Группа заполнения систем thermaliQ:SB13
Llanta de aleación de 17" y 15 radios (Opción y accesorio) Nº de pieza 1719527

--

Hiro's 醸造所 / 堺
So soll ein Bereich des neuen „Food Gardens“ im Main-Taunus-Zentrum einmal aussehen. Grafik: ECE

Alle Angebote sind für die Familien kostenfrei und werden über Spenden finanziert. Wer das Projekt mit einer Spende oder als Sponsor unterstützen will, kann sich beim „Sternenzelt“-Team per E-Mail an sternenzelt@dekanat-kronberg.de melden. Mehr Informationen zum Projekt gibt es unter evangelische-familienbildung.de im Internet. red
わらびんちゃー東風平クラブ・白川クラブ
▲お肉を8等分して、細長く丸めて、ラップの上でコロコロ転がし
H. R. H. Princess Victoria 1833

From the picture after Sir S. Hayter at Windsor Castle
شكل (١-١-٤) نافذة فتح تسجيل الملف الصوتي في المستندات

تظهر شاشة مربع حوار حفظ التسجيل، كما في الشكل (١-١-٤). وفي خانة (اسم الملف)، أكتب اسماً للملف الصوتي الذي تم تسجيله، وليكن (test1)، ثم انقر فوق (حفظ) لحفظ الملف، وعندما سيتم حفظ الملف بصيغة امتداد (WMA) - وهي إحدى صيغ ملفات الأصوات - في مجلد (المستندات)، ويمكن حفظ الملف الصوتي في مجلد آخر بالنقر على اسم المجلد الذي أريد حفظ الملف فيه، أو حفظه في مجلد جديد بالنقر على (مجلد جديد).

§ **ASSIGNMENT**: Keeping every character as it is, restate the lines above that run from the line with "So soll ein" through the line with "تظهر شاشة مربع", both included, and nothing else.

§ **WRITTEN RESPONSE**:
So soll ein Bereich des neuen „Food Gardens“ im Main-Taunus-Zentrum einmal aussehen. Grafik: ECE

Alle Angebote sind für die Familien kostenfrei und werden über Spenden finanziert. Wer das Projekt mit einer Spende oder als Sponsor unterstützen will, kann sich beim „Sternenzelt“-Team per E-Mail an sternenzelt@dekanat-kronberg.de melden. Mehr Informationen zum Projekt gibt es unter evangelische-familienbildung.de im Internet. red
わらびんちゃー東風平クラブ・白川クラブ
▲お肉を8等分して、細長く丸めて、ラップの上でコロコロ転がし
H. R. H. Princess Victoria 1833

From the picture after Sir S. Hayter at Windsor Castle
شكل (١-١-٤) نافذة فتح تسجيل الملف الصوتي في المستندات

تظهر شاشة مربع حوار حفظ التسجيل، كما في الشكل (١-١-٤). وفي خانة (اسم الملف)، أكتب اسماً للملف الصوتي الذي تم تسجيله، وليكن (test1)، ثم انقر فوق (حفظ) لحفظ الملف، وعندما سيتم حفظ الملف بصيغة امتداد (WMA) - وهي إحدى صيغ ملفات الأصوات - في مجلد (المستندات)، ويمكن حفظ الملف الصوتي في مجلد آخر بالنقر على اسم المجلد الذي أريد حفظ الملف فيه، أو حفظه في مجلد جديد بالنقر على (مجلد جديد).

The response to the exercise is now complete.